It boggles my mind how Creative/Realtek think *anyone* want their environmental surround effect for stereo sounds over stereo surround.  Stereo surround should be the default.  This is why I quit buying Creative hardware and don't use Realtek drivers.  Microsoft understands consumers better than they do. 



Honey said:


> thanks bro, yes ive enabled Speaker fill, if i disable it, it stops working.
> btw Sound feels Surround but im noticing some Delay, like Over Surround, i dont know how to explain.


I'm confused.  Issue resolved or not?


----------



## Honey (Sep 15, 2019)

FordGT90Concept said:


> Yes it does.  DSP knows it's getting >stereo so it doesn't touch it.  Confirmed using 5.1 DVD Audio.
> 
> 
> I'm confused.  Issue resolved or not?


yes, Issue Resolved, You Guys Rocks, This Forum is Best, i had always 100% Chance, my issue always gets Resolved in one and only forum i.e Techpowerup Forum.



FordGT90Concept said:


> Yes it does.  DSP knows it's getting >stereo so it doesn't touch it.  Confirmed using 5.1 DVD Audio.
> View attachment 131955
> I would snip that part out as a sample but Audacity apparently hates dealing with 6ch audio.  Anyway, the two red arrows in the selected area, there's rear channel bias there and even with speaker fill enabled, it's obvious because fronts are almost silent (as you can see in the wave form).  The DSP can see the audio source is handing it 6ch audio so it doesn't up mix it, just passes it through.  Only stereo sources get up mixed by speaker fill (e.g. a game set to stereo would but changing the game to 5.1 would stop the speaker filling).  That's why this driver solution to speaker fill is vastly superior to any purely software solution: it's universal, it only works when it needs to work, and it does a fantastic job.
> 
> ...


Btw, the experience in quadro setup wasnt that good, speakers behind me their sound was too low, there wasnt much feeling of surround system.
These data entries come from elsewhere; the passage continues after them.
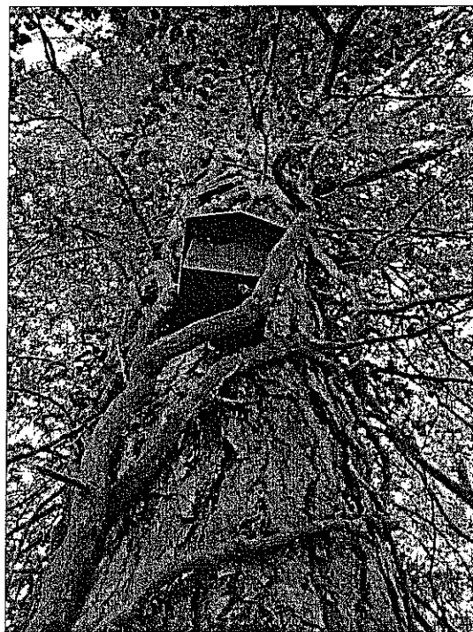
Illustrazione 1: vecchio esemplare di edera cresciuta su di un pino nero secolare

Il Vivaio Castellaro è ubicato su un terreno nei pressi della frazione S.Giacomo, a ridosso del confine fra i Comuni di Galeata e Santa Sofia. Ha un'estensione complessiva di Ha 8,80, articolata su più gradoni.
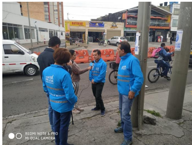
Imagen 2: Divulgación del Diálogo Ciudadano de la SDM en Suba.
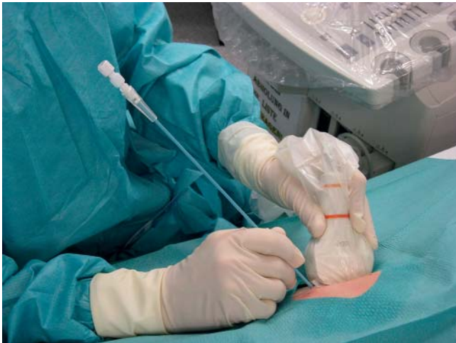
► Abb. 4 Anlage einer Abszessdrainage: Schallkopf, Kabel und Tastatur sind mit sterilen Abdeckungen überzogen, der Untersucher ist nach Händedesinfektion analog der OP-Situation eingekleidet. Ein Abdeck-/ Lochtuch dient als Barrieremaßnahme. Als Kontaktmedium dient steriles Ultraschallgel. Zusätzlich wird ein steriler Arbeitstisch bereitgehalten.

Kommen Schallsonden mit Schleimhaut oder krankhaft veränderter Haut in Berührung, z. B. im Rahmen der Introitus- oder Perinealsonografie, sind sie sogenannte „semikritische Medizinprodukte ohne besondere Anforderungen an die Aufbereitung“. Bei diesen muss die Desinfektion nachgewiesen bakterizid (einschließlich Mykobakterien), fungizid und viruzid wirksam sein. Zu beachten ist, dass die Viruzidie-Prüfung entsprechend der jeweils aktuellen Leitlinie der Deutschen Vereinigung zur Bekämpfung der Viruskrankheiten und des Robert-Koch-Instituts erfolgt sein muss [14].
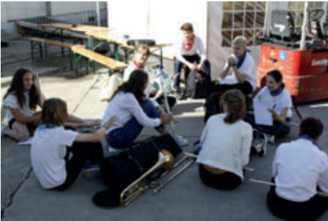
Warten auf den Auftritt
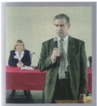
Дискуссия на конференции НАЭКОР в Алтайском ГАУ
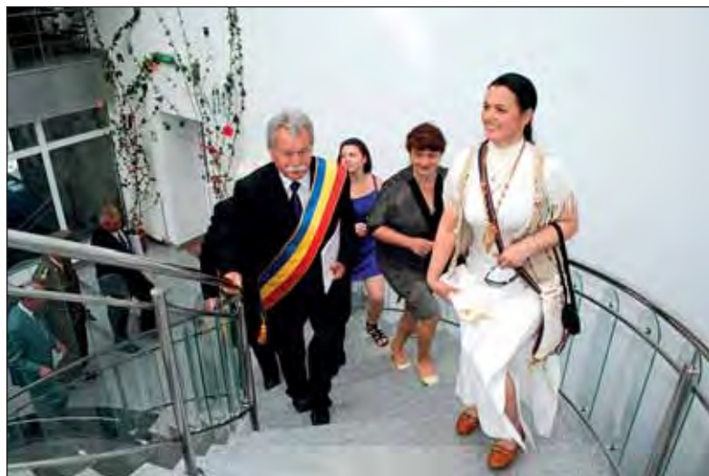
Pe scara interioară a primăriei vulcănene
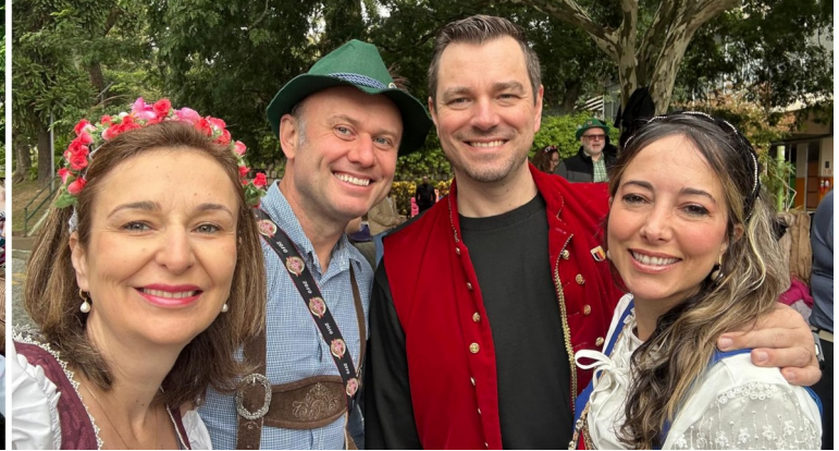
Gravação de Clipe da Super Banda Hopus: trajas típicos, chope, pratos da culinária germânica e muita alegria

A Super Banda Hopus, parceira histórica da Oktoberfest da SOGIPA, proporcionou uma manhã muito divertida e cheia de animação para associados e convidados. Ao final da atividade, todos ainda puderam degustar um delicioso cardápio alemão preparado especialmente pelo Bistrô, completando a experiência com muito sabor e tradição.
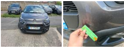
Moulure d'aile ARD, Griffe(s), E - Remplacer
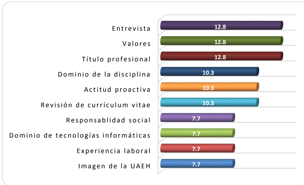
Gráfica 2.2 Requisitos más importantes para determinar la contratación
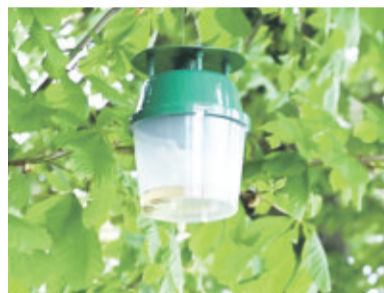
Jedna z pułapek feromonowych na owady zagrażające kasztanowcom.

Istotnym przedsięwzięciem w przyszłości jest remont przy-
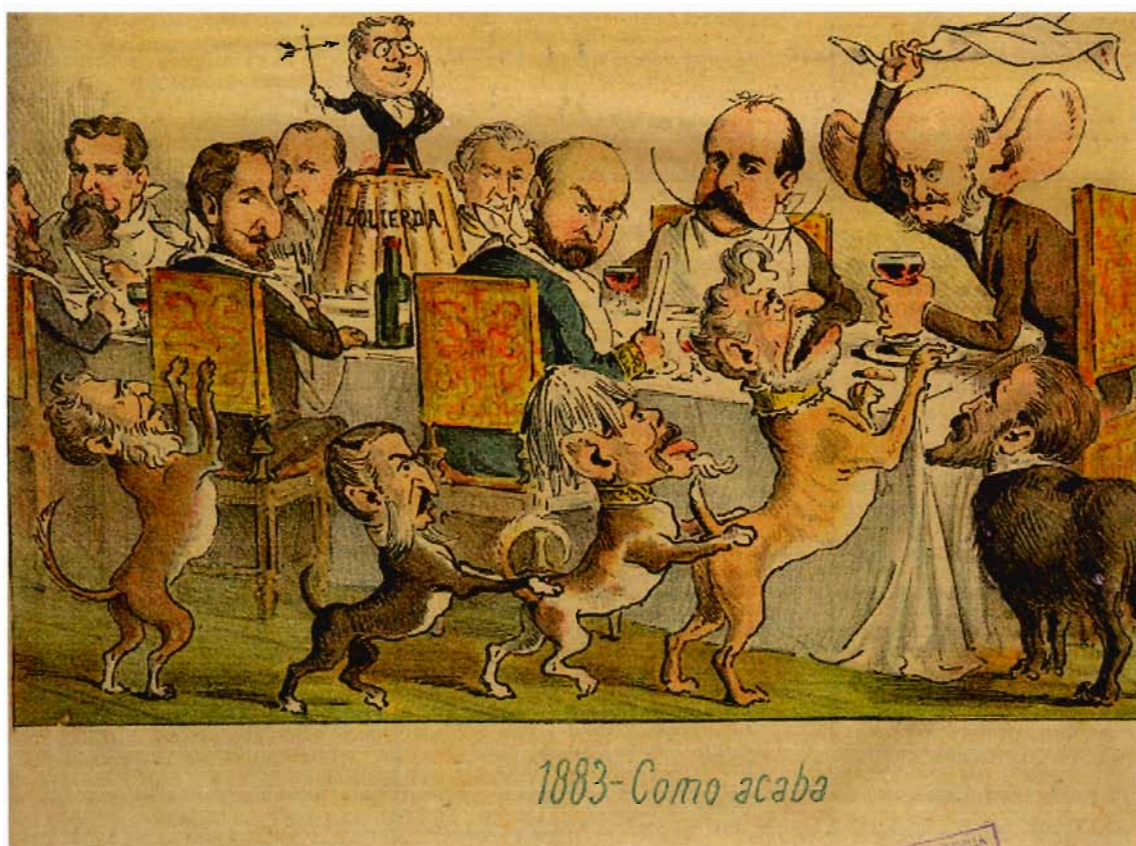
El Loro, sábado 24 de diciembre de 1883 Almanaque para 1884
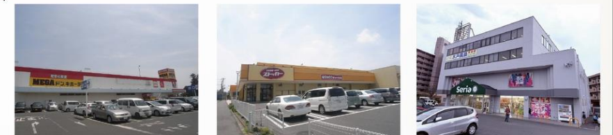
MEGA ドン・キホーテ フードストッカー セリア
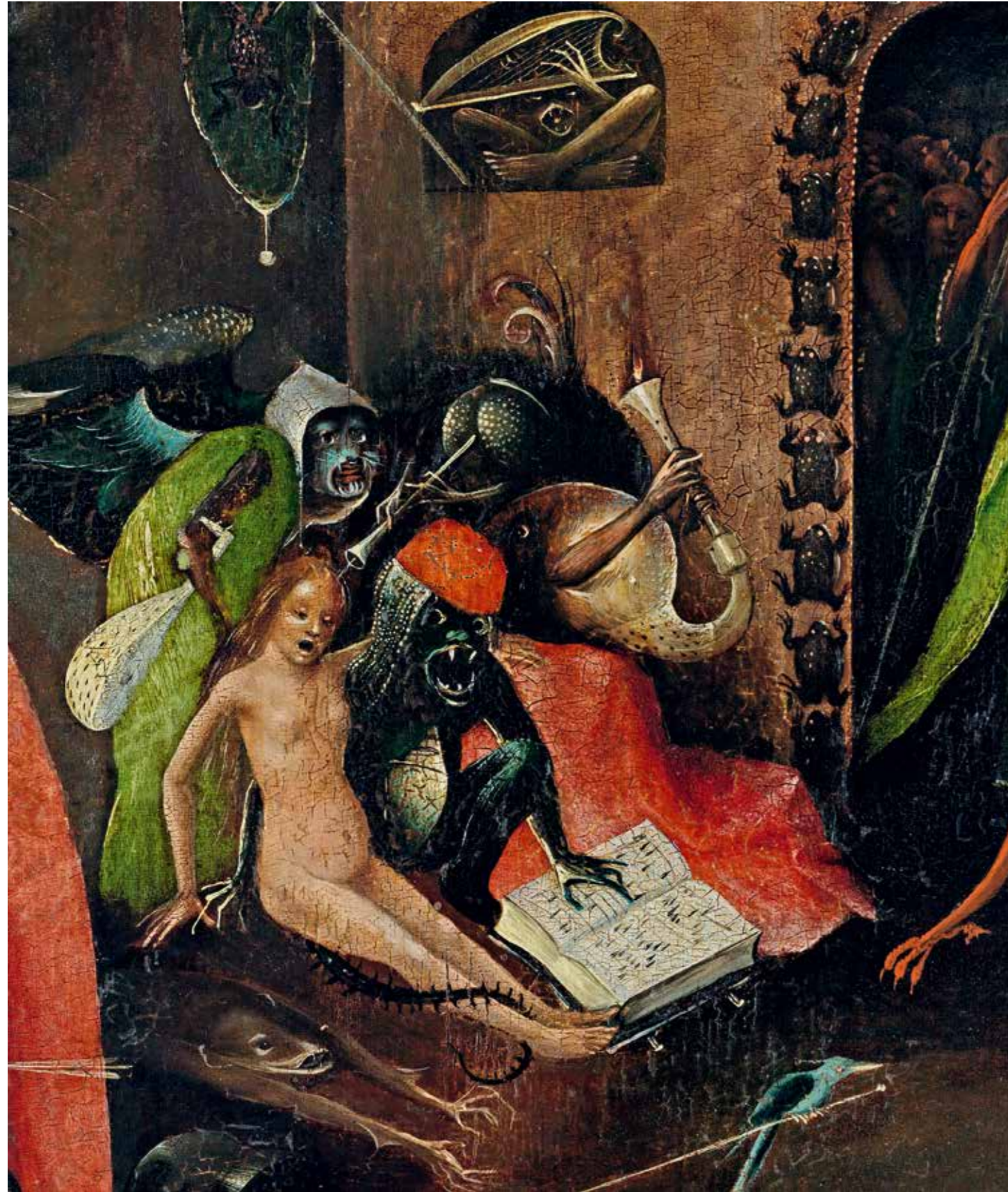
39 Höllenmusik, Detail vom rechten Flügel

But when i set setup as 5.1 then sound was near perfect. It was balance and full surround. Also one thing to mention i have custom built Amplifier which is powering two subwoofers of 12 inches(2x2500w), ive set them as center/subwoofers speaker, but i looked closer i noticed that the third pair which are set as subwoofers/center. Im not hearing any sound from right subwoofer which is subwoofer in control panel, left subwoofer working perfect which is showing as center.
What is center speaker, ive checked some images, i saw that two sub or speaker with one tweeter in one box, is center speaker also have left right stereo sound? Or its just for bass or dilgoue? How can i make both subwoofers work. Overall right now sound im hearing is satisfying, but still have doubt on center speaker.


----------



## FordGT90Concept (Sep 15, 2019)

I think you're better off switching to a 7.2 receiver for that kind of set up.  At bare minimum, you'd have to get a 3.5mm stereo splitter.  One of them will be center and the other will be subwoofer.  Then you'd have to split the subwoofer channel which means you'll effectively be halving the signal strength/clarity which basically means the subwoofers will be perpetually out of alignment with the satellites.  Receiver is the best solution.  Use HDMI to drive it.


----------



## Honey (Sep 15, 2019)

FordGT90Concept said:


> I think you're better off switching to a 7.2 receiver for that kind of set up.  At bare minimum, you'd have to get a 3.5mm stereo splitter.  One of them will be center and the other will be subwoofer.  Then you'd have to split the subwoofer channel which means you'll effectively be halving the signal strength/clarity which basically means the subwoofers will be perpetually out of alignment with the satellites.  Receiver is the best solution.  Use HDMI to drive it.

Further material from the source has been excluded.